Too Simplistic To Attribute All Changes To Brexit, Says Report

04.03.2019

David Shirt, Press Officer | 0161 838 3094

Brexit is having some tangible impacts on foreign direct investment (FDI), but it’s important to look at other economic factors before attributing changes to the uncertainty caused by the UK’s decision to leave the EU - says a new report.

According to an FDI review produced for Irwin Mitchell by the Centre for Economics & Business Research (Cebr), many major companies have made announcements about their operations in the UK which demonstrate a more tangible effect of Brexit. 

It says, however, that it is too simplistic to claim that all FDI announcements are because of Brexit, or that the UK is no longer an attractive place to invest.

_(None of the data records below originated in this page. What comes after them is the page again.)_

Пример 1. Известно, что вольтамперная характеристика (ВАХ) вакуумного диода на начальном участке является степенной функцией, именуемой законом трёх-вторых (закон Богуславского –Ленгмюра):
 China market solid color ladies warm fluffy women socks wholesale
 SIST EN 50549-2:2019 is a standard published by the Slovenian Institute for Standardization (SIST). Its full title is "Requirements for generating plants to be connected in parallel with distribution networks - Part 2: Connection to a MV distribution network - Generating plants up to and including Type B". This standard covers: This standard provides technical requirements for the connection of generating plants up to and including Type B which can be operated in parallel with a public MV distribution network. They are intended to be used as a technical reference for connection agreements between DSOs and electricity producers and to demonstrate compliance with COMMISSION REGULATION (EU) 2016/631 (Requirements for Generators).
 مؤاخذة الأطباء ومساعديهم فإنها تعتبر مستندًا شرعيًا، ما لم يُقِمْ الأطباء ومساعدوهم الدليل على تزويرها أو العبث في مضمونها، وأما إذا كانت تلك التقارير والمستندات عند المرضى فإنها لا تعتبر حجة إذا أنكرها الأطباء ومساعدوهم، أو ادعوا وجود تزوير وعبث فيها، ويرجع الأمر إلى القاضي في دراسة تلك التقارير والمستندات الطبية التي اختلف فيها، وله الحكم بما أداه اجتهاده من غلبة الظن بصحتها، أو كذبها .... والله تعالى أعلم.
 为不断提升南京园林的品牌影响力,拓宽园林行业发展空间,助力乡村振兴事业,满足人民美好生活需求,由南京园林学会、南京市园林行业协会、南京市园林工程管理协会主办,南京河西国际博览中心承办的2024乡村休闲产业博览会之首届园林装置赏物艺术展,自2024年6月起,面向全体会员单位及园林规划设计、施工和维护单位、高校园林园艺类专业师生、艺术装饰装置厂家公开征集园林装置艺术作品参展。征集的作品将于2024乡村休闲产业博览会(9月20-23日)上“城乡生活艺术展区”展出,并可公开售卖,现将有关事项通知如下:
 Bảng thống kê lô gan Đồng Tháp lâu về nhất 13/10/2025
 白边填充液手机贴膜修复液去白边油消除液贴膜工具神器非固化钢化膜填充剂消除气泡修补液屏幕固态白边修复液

For example, although Jaguar Land Rover decision to pause its sites across the West Midlands between April 8th and April 12th are attributable to Brexit, Nissan’s decision to move production to Japan also reflects the waning demand for diesel vehicles in Europe coupled with the fast growing Asian market.

It also cites Norway’s sovereign wealth fund which has around $1 trillion of assets. This fund has recently indicated that it will increase its investment in the UK, stating that short-term political developments do not change their long-term view of the UK as a destination for investment. 

Expert Opinion
“Brexit negotiations are at a crucial point now and hopefully by the end of this month there will be far more clarity on how we will leave the EU. The UK continues to be a highly attractive place in which to invest and I’m confident that FDI will increase over the next year.”
Bryan Bletso, Partner

The report also highlights some of the latest data on foreign direct investment (FDI) into the UK.

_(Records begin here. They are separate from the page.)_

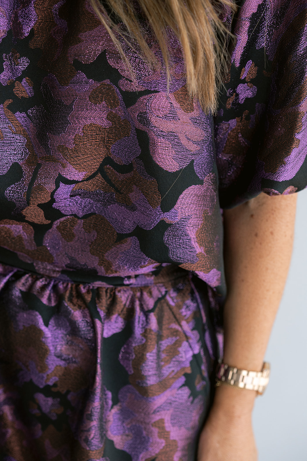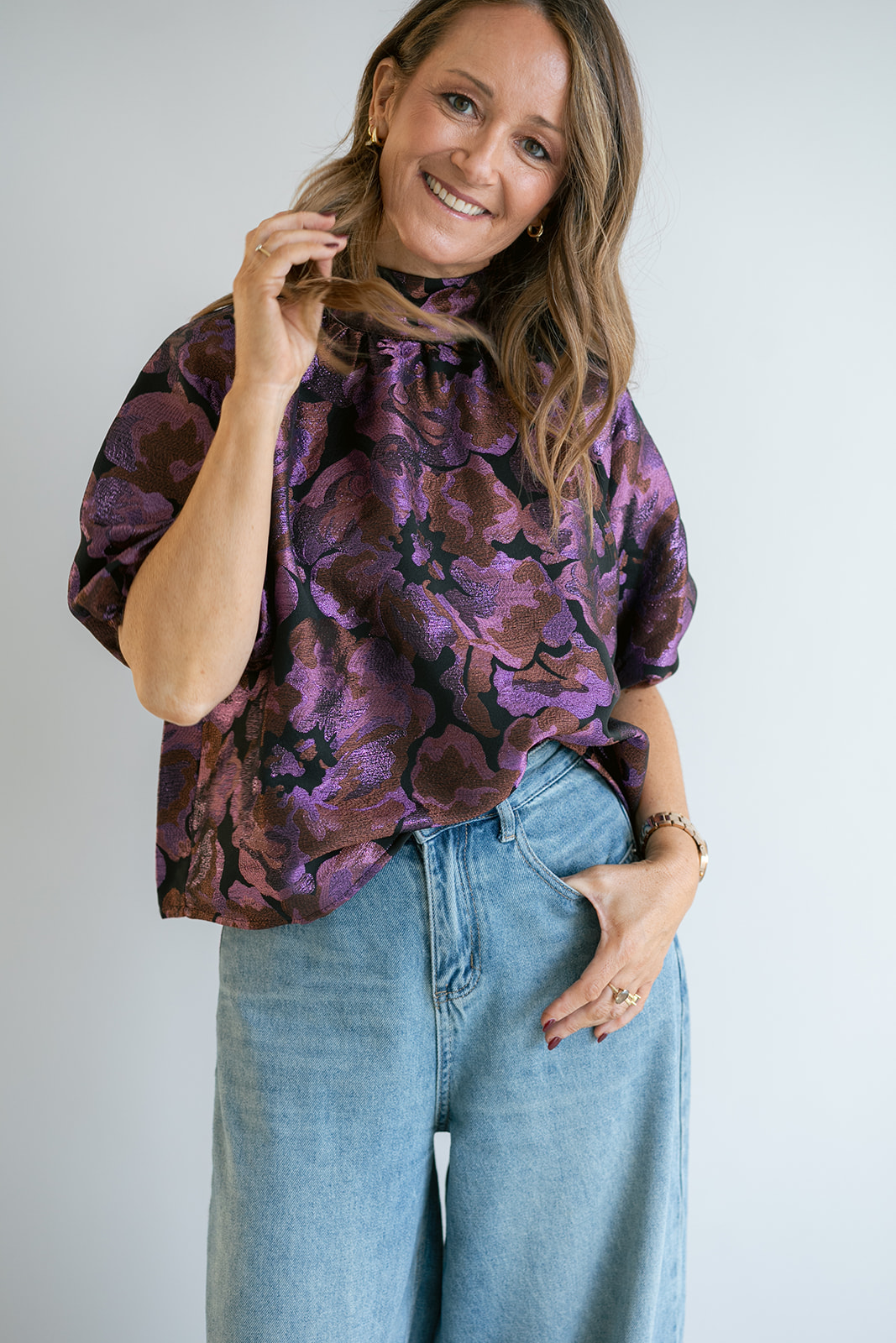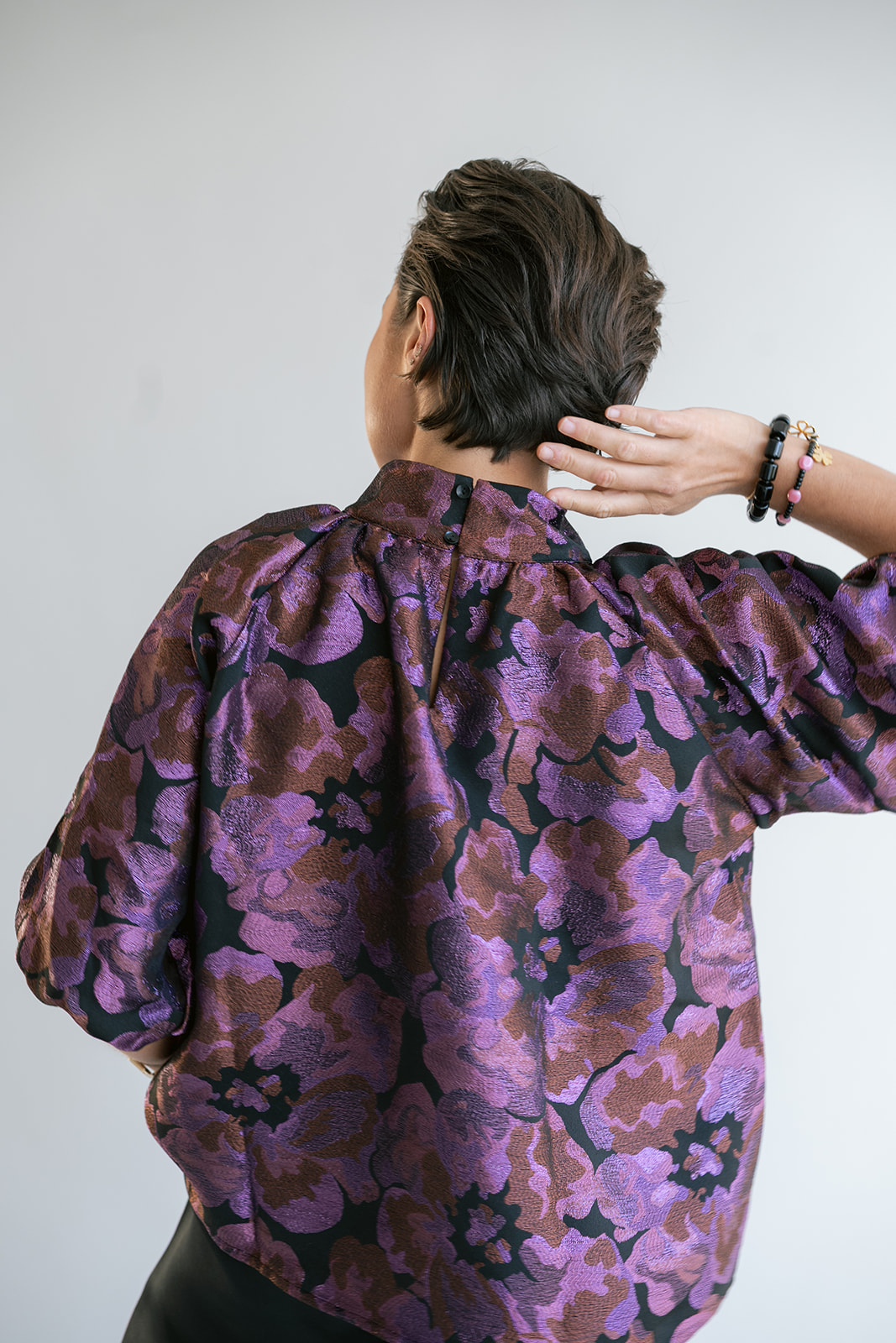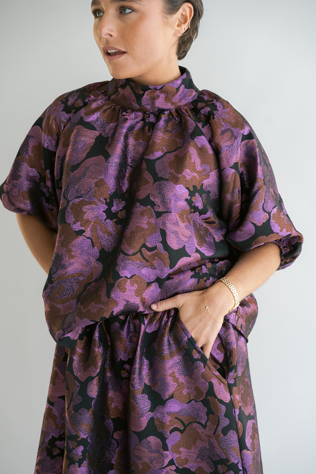 Een gekend model in onze collectie, nu in een mooie geweven jacquard stof met glinsterend detail.
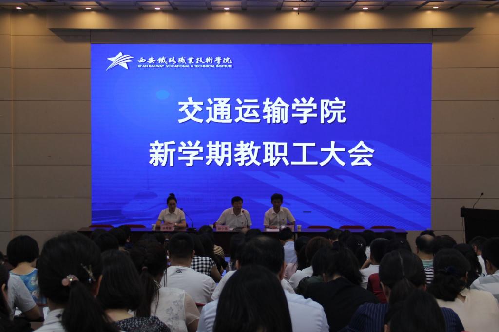 在新学期教职工大会上,院长徐小勇从取得的4项国家级成果(铁道交通运营管理专业获批国家级骨干专业、铁道交通运营管理专业校企合作生产性实训基地获批国家级实训基地、物流管理专业获批国家首批“1+X”证书试点专业、主持编写的铁路物流管理专业国家教学标准通过行指委审定等)、承担学校“双高计划”两个专业群的申报任务、两个专业获批西安市重点扶持专业、国家级学生技能大赛成绩取得重大突破、学校教学比武教师表现优异等方面着手,总结了上半年学院重点工作;同时,以办“当地离不开、业内都认可、国际可交流”的高职专业为目标,从“加强专业内涵建设,打造铁道运营管理专业群为国内一流专业群;举全院之力,提供发展平台,打造高水平的双师型教学团队;针对不同专业特点,建设高水平的专业群实训基地;按计划有序推进物流管理专业“1+X”证书试点工作和开展“学分银行”探讨;加强教风学风建设,以扩招专业为重点,实施分层次教学,提高教学质量;积极申报省级教改项目和省级教学成果奖;加强产教融合,校企合作,深入调研,完善课程标准和教学内容;加强跟岗实习安全管理和国际交流与合作”等八个方面,安排部署了本学期各项工作。
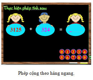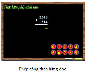 Như vậy việc mô phỏng việc học và dạy Toán trên máy tính được mô phỏng thông qua 3 khái niệm quan trọng là Kiến thức - Dữ liệu - Mô phỏng. Các đối tượng này có quan hệ chặt chẽ với nhau và kết hợp lại thành những HOẠT ĐỘNG DẠY & HỌC. Chú ý: Một mô phỏng dạng toán (gọi là FORM) có thể tương ứng với nhiều chủ đề kiến thức và nhiều bộ sinh dữ liệu khác nhau. Ví dụ sau minh họa cho trường hợp mô phỏng phép cộng hai số tự nhiên theo hàng dọc.

- US investors by a considerable margin have a larger presence in the UK than investors from any other country in terms of the stock of assets held. 

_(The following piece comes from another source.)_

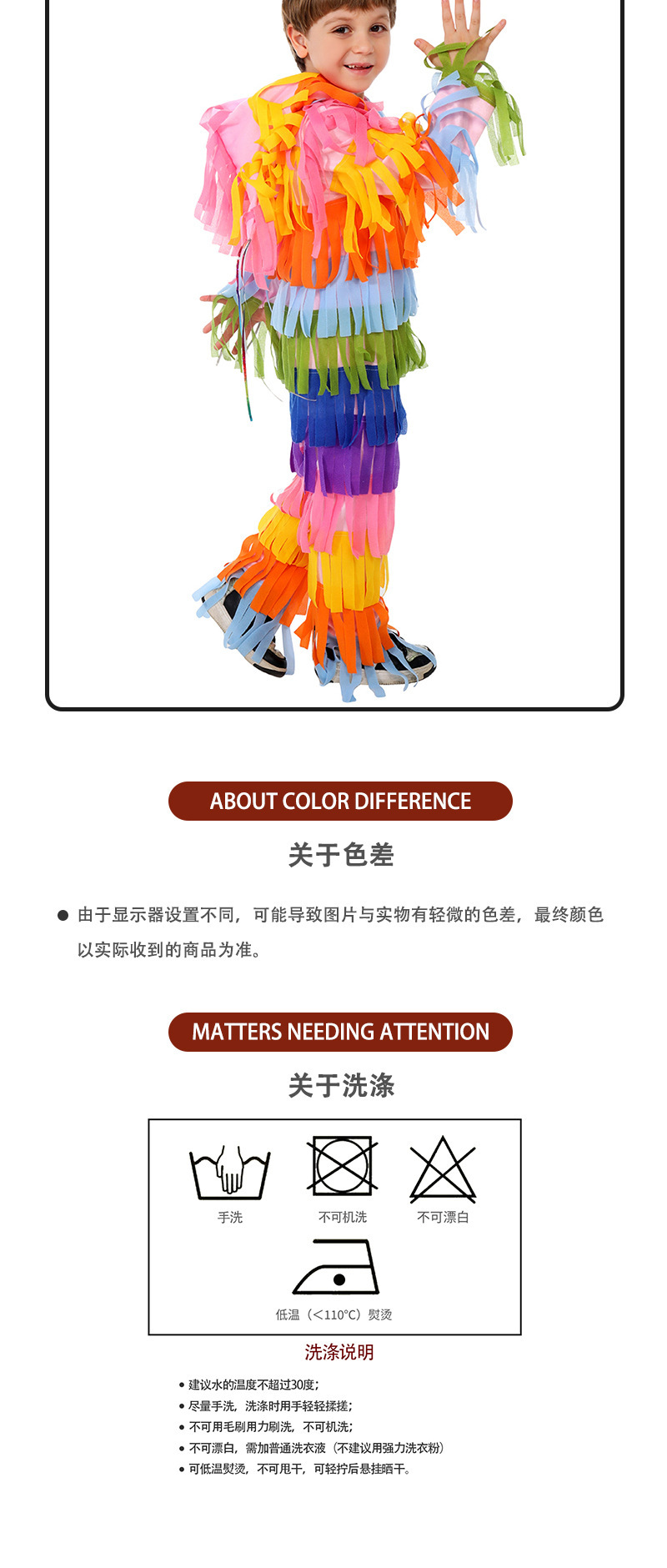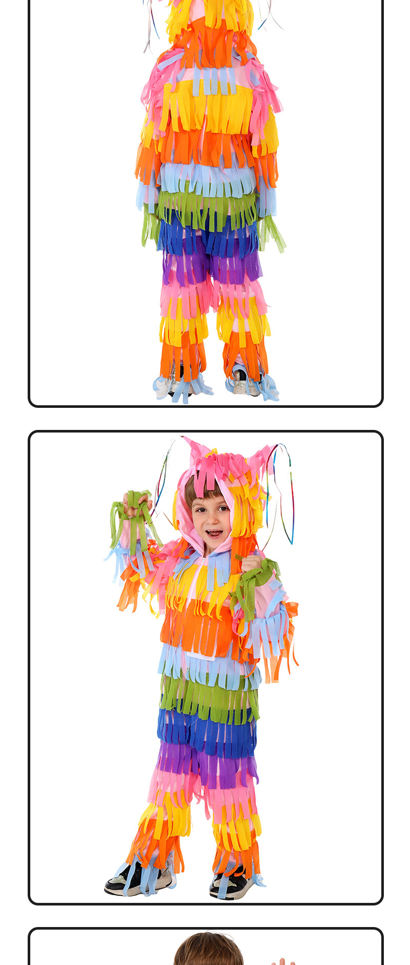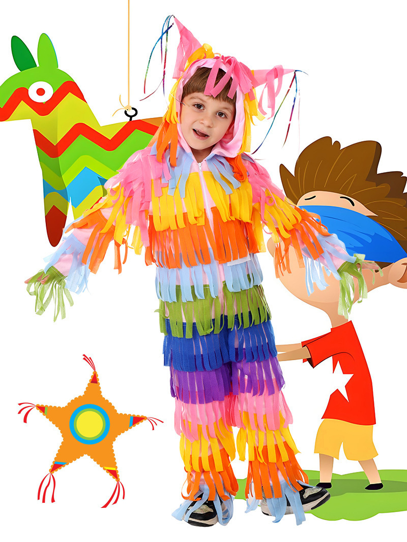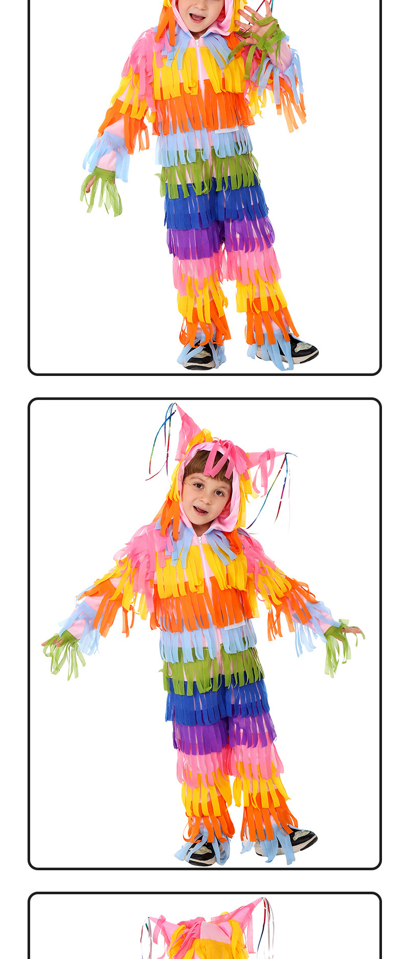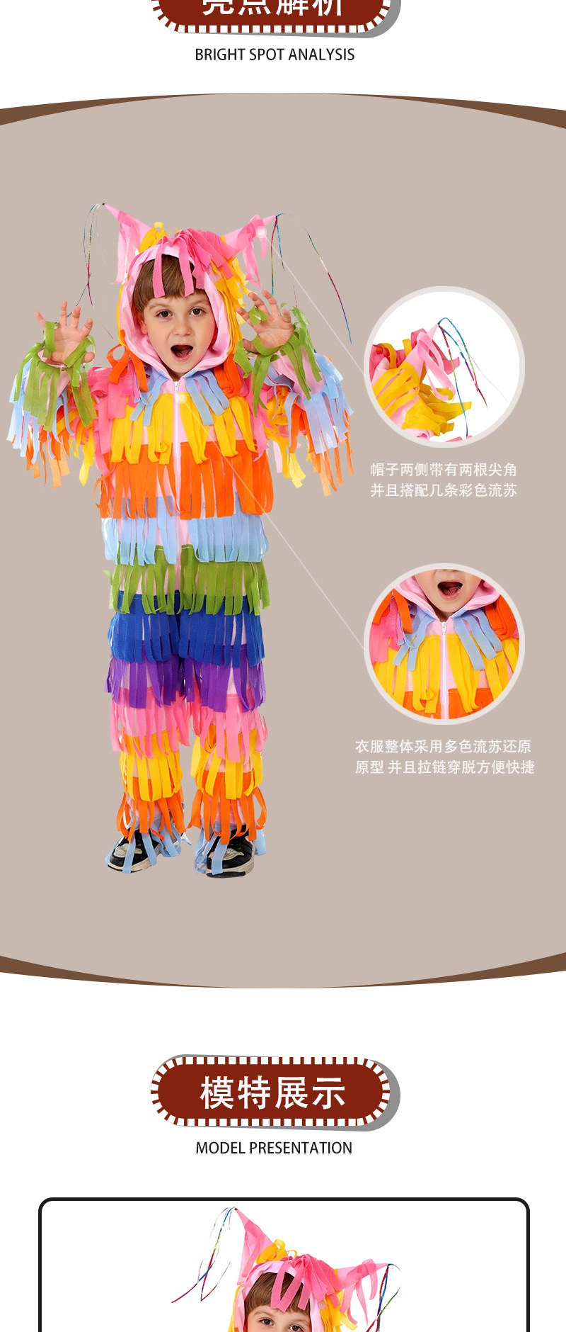 새로운 어린이 코스 세트 피나타 롤 플레잉 대비 컬러 점프 수트 유치원 무대 의상 A9

- Collectively though the EU holds a larger stock of UK assets than US investors. 

- The stock of UK assets held by EU investors fell by £124 billion between 2016 and 2017. 

- 28% of the total stock of UK assets owned by foreign entities are portfolio investments, equating to over £3.1 trillion of capital. 

- Nearly two thirds of UK assets held by Irish investors are portfolio investments, where the investor has less than a 10% ownership of the recipient firm. Portfolio investments are far more liquid than direct investments, meaning that there is a higher risk of capital outflows.